» **Directions**
Leaving out the pictures, return word for word the stretch of entries below from the line holding "Fácil de usar: Estes" through the line holding "There are many".

*** Opening of Working data ***

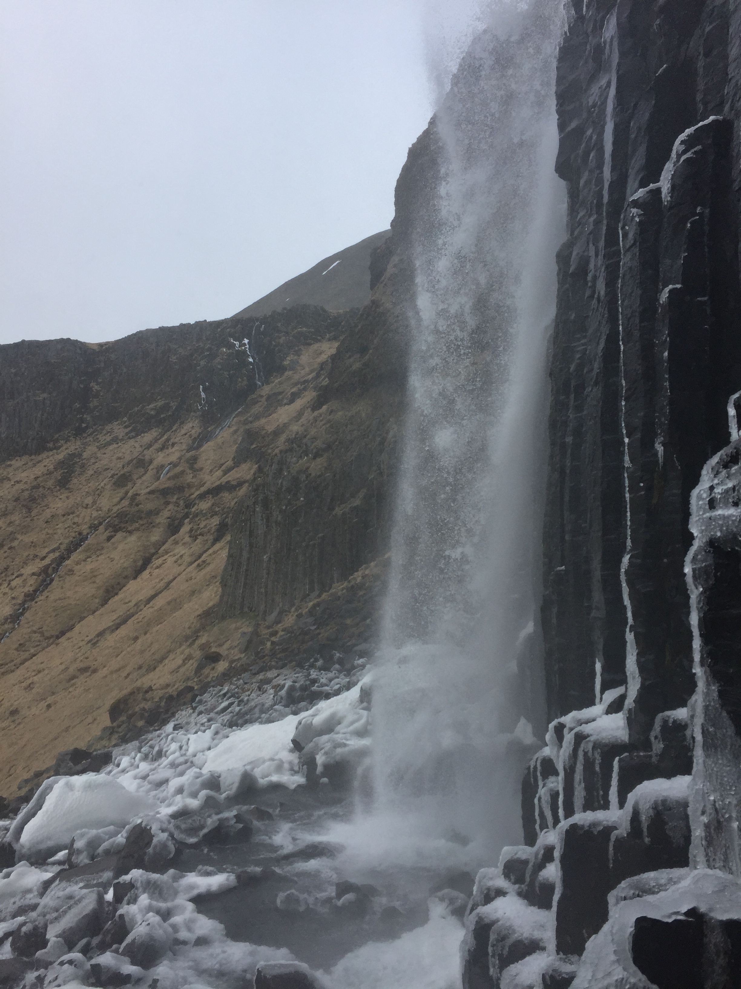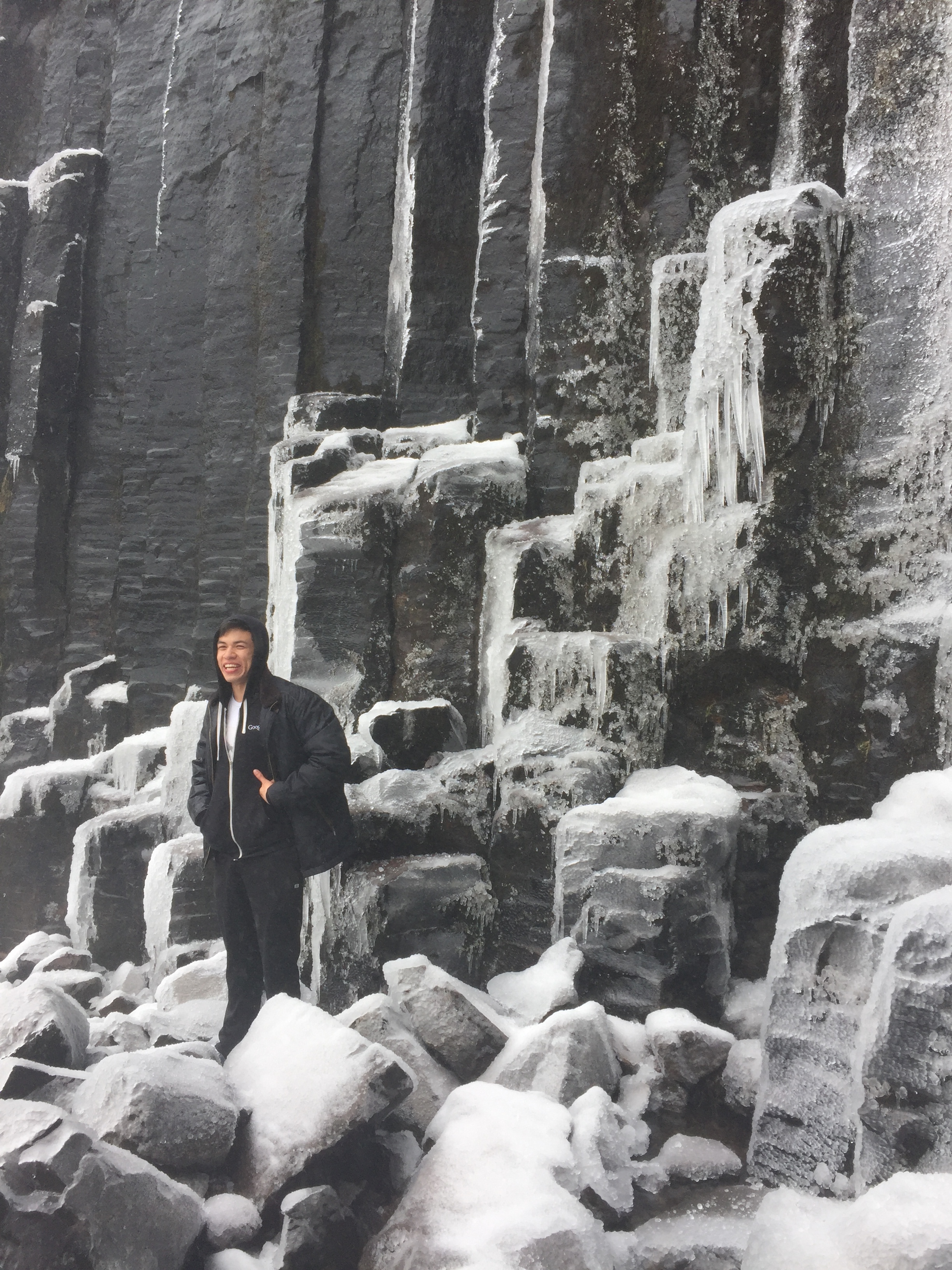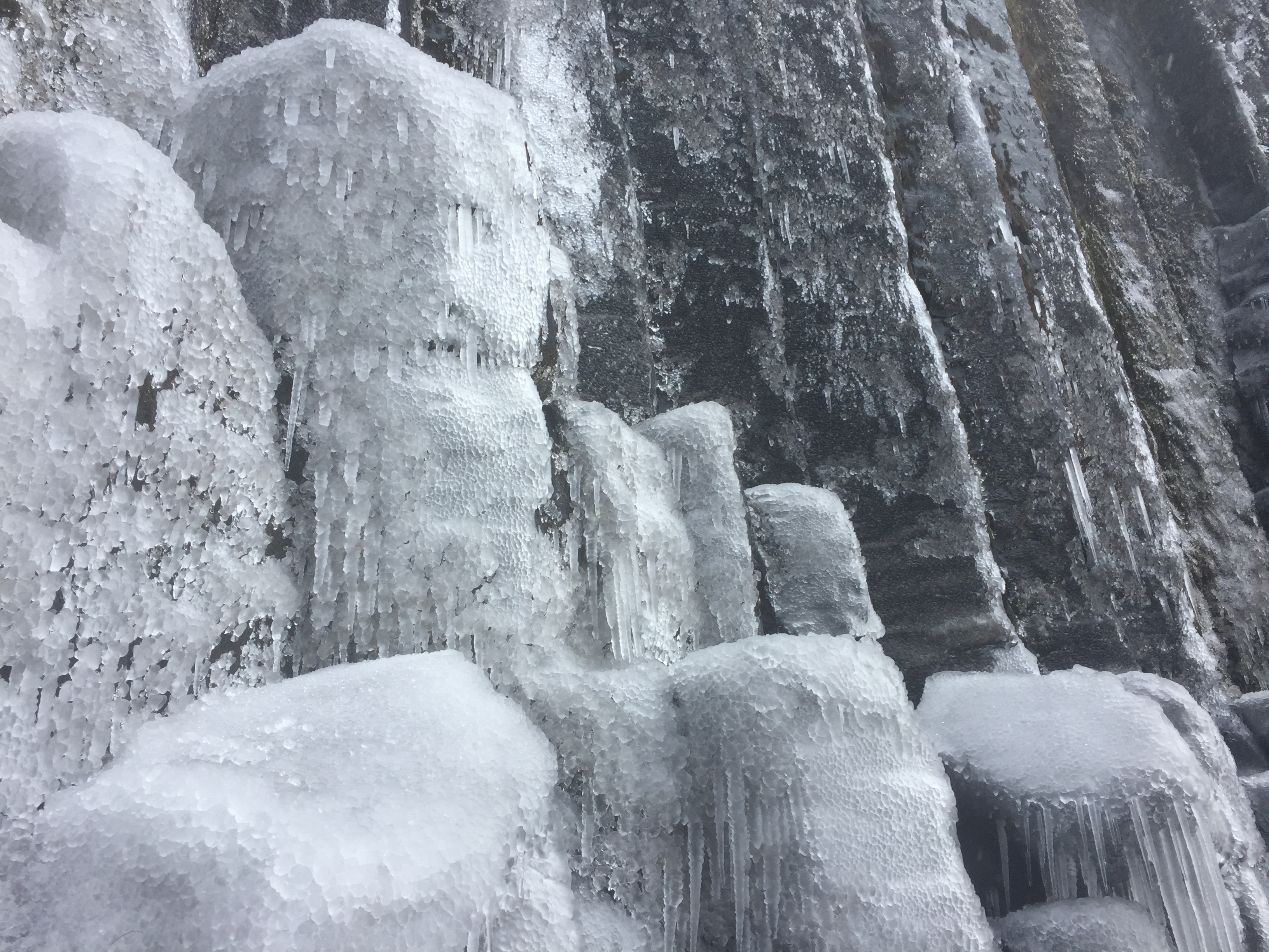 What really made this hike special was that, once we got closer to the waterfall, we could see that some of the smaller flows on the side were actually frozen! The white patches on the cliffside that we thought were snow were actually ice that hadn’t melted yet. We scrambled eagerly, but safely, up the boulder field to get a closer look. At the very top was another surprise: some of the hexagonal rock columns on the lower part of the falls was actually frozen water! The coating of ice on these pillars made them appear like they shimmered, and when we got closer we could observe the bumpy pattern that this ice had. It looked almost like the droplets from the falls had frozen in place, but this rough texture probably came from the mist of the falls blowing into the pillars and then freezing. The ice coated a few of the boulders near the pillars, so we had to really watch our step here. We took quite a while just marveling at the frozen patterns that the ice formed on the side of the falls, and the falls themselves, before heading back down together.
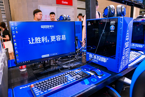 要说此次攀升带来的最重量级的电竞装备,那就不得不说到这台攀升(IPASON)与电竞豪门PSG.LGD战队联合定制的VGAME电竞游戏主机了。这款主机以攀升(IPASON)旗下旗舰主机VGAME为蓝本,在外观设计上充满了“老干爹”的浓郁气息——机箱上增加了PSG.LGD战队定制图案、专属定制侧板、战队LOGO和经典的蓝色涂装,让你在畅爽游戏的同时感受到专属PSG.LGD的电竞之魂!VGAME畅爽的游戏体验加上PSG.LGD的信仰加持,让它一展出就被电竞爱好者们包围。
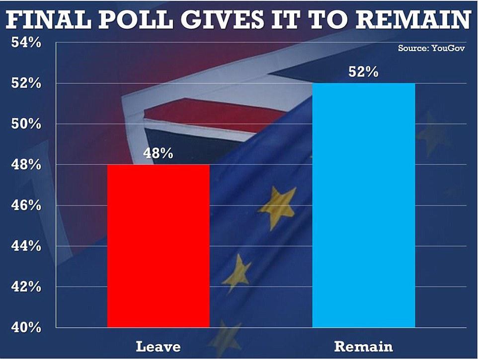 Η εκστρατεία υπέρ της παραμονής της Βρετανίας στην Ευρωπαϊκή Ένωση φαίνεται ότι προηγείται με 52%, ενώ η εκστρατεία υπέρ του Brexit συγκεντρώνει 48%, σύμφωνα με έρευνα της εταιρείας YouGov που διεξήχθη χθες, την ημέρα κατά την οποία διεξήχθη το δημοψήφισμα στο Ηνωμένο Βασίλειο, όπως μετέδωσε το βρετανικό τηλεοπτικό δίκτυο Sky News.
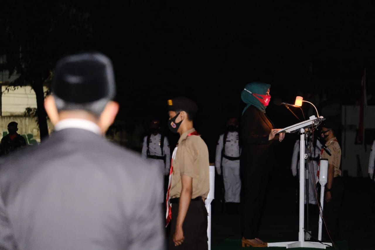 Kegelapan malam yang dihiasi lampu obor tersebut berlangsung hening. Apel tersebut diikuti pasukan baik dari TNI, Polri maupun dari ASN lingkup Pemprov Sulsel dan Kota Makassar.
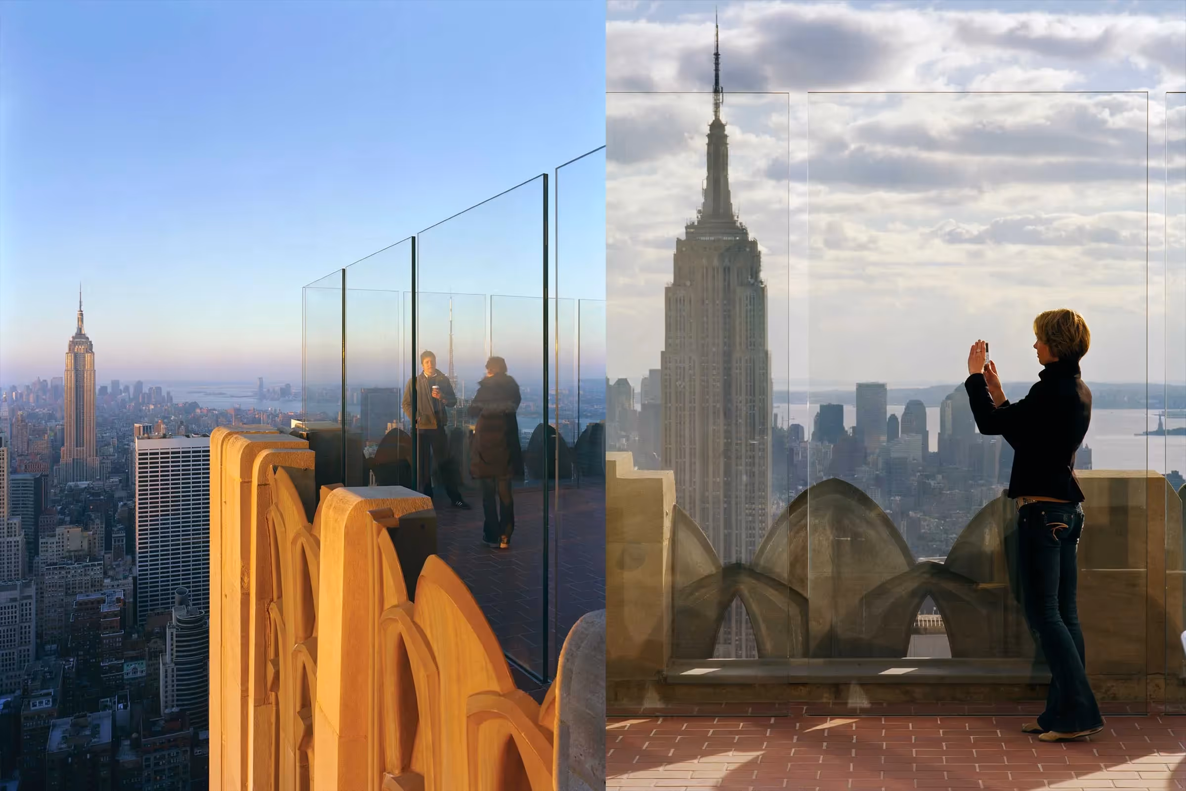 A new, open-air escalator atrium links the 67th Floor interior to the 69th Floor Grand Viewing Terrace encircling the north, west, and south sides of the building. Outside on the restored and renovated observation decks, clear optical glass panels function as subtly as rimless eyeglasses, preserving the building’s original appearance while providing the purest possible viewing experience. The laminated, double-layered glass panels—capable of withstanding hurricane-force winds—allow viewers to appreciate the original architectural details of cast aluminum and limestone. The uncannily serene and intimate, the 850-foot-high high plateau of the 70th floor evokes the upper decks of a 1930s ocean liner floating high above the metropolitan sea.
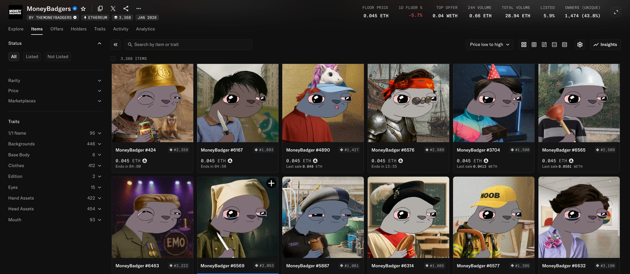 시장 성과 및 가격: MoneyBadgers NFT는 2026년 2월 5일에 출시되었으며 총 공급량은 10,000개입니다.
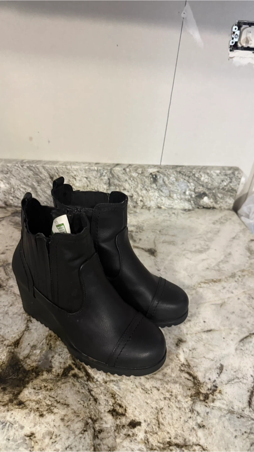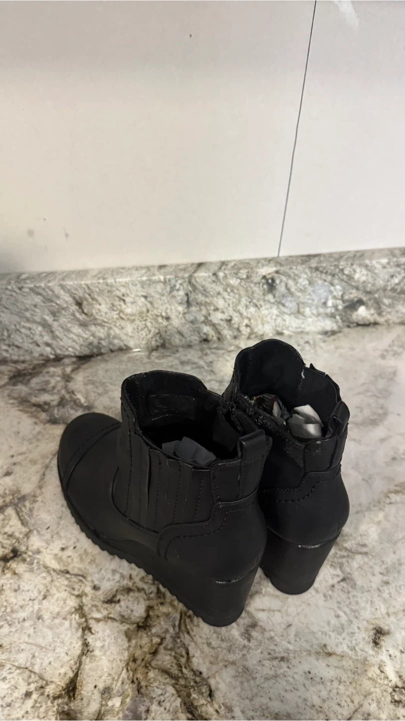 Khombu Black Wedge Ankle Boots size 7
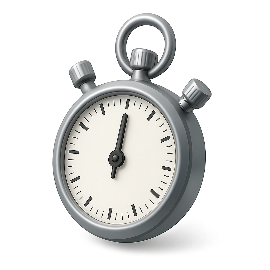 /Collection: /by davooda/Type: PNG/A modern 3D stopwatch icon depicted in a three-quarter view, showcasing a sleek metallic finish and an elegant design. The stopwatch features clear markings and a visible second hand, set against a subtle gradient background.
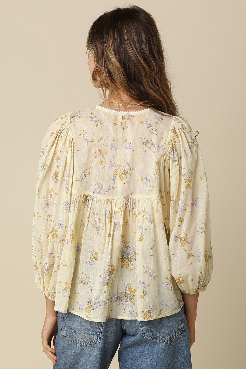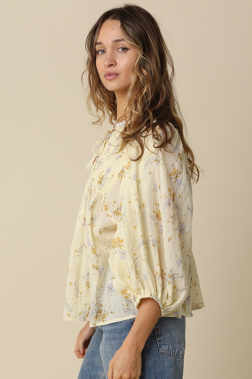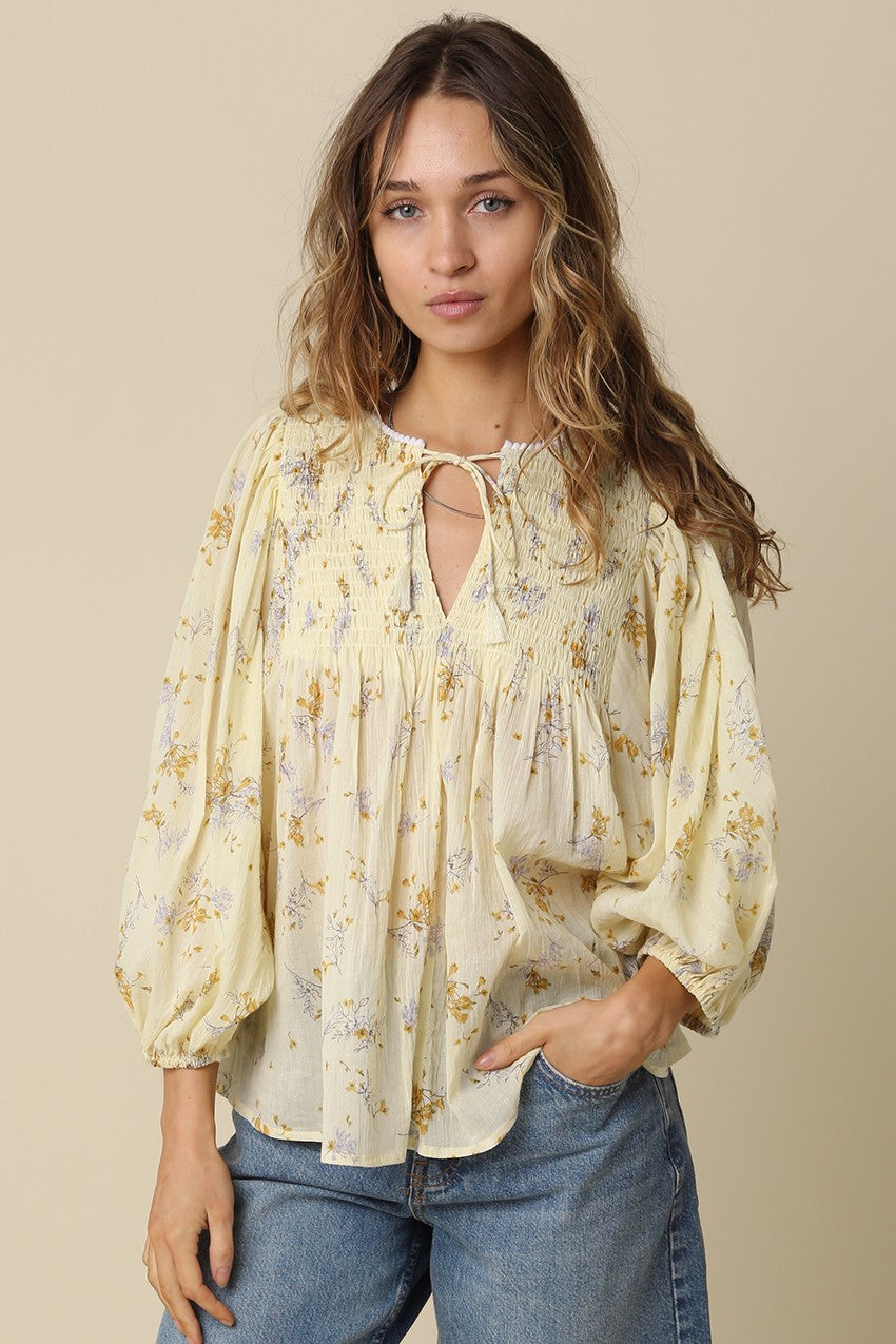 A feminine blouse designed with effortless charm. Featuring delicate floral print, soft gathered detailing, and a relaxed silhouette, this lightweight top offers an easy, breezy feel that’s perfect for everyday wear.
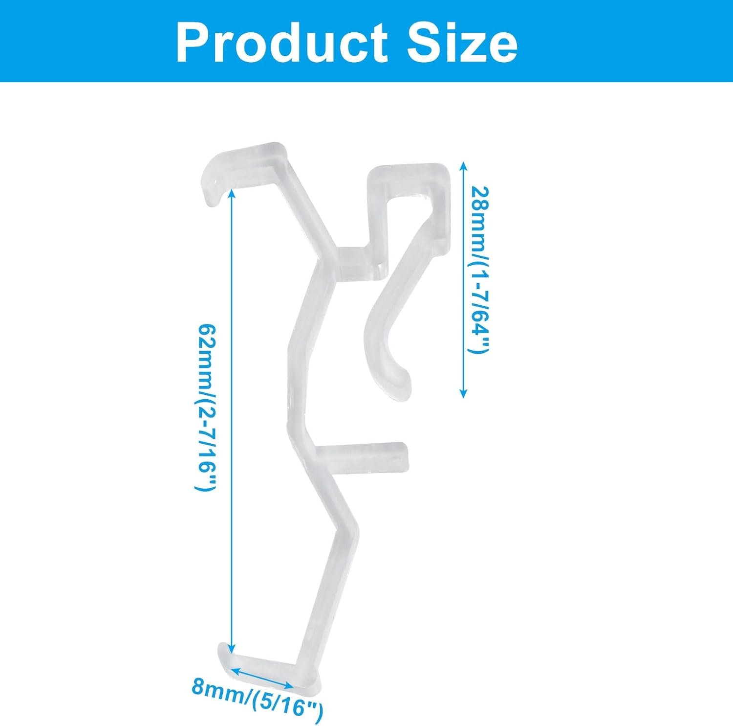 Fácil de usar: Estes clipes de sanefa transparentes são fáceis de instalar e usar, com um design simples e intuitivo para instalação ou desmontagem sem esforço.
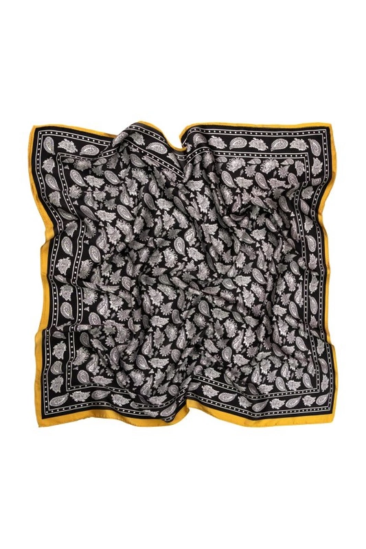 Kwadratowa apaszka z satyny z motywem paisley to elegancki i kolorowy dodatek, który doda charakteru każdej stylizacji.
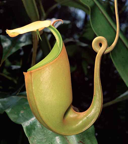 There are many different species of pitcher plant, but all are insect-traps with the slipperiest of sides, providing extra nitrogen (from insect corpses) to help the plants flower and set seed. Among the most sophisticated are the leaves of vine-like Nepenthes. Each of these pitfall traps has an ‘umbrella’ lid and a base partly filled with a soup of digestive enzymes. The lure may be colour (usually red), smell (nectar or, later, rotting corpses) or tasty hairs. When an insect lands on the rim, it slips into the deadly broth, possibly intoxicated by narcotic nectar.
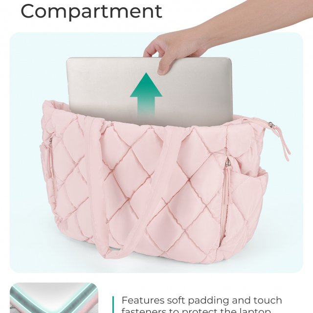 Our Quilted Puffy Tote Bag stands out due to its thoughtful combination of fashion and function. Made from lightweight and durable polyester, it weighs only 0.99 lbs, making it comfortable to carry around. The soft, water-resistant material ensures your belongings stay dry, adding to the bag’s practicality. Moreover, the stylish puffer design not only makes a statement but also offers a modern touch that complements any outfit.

*** Close of Working data ***

» **Task solution**
 Fácil de usar: Estes clipes de sanefa transparentes são fáceis de instalar e usar, com um design simples e intuitivo para instalação ou desmontagem sem esforço.
 Kwadratowa apaszka z satyny z motywem paisley to elegancki i kolorowy dodatek, który doda charakteru każdej stylizacji.
 There are many different species of pitcher plant, but all are insect-traps with the slipperiest of sides, providing extra nitrogen (from insect corpses) to help the plants flower and set seed. Among the most sophisticated are the leaves of vine-like Nepenthes. Each of these pitfall traps has an ‘umbrella’ lid and a base partly filled with a soup of digestive enzymes. The lure may be colour (usually red), smell (nectar or, later, rotting corpses) or tasty hairs. When an insect lands on the rim, it slips into the deadly broth, possibly intoxicated by narcotic nectar.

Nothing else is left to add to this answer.